(DATA EXCERPT begins)
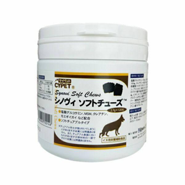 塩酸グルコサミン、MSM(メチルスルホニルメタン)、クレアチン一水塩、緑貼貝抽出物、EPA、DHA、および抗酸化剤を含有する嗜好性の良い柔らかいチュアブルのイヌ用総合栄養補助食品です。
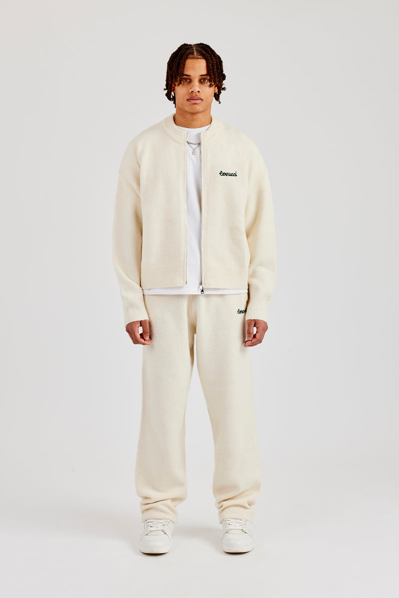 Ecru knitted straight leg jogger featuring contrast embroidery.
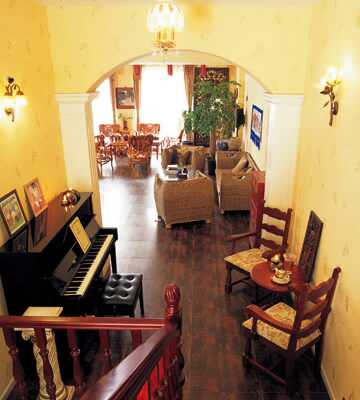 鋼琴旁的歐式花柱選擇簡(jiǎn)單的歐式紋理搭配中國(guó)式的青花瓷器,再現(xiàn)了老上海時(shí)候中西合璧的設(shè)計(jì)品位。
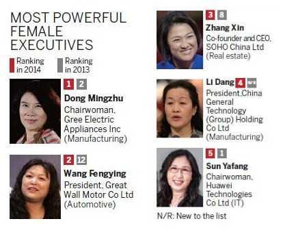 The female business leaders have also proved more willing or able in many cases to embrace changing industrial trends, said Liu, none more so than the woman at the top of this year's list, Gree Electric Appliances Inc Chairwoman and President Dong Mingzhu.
(DATA EXCERPT ends)
◆ PROMPT: Leaving aside the pictures, copy the listing above exactly.

◆ EXERCISE RESULT:
 塩酸グルコサミン、MSM(メチルスルホニルメタン)、クレアチン一水塩、緑貼貝抽出物、EPA、DHA、および抗酸化剤を含有する嗜好性の良い柔らかいチュアブルのイヌ用総合栄養補助食品です。
 Ecru knitted straight leg jogger featuring contrast embroidery.
 鋼琴旁的歐式花柱選擇簡(jiǎn)單的歐式紋理搭配中國(guó)式的青花瓷器,再現(xiàn)了老上海時(shí)候中西合璧的設(shè)計(jì)品位。
 The female business leaders have also proved more willing or able in many cases to embrace changing industrial trends, said Liu, none more so than the woman at the top of this year's list, Gree Electric Appliances Inc Chairwoman and President Dong Mingzhu.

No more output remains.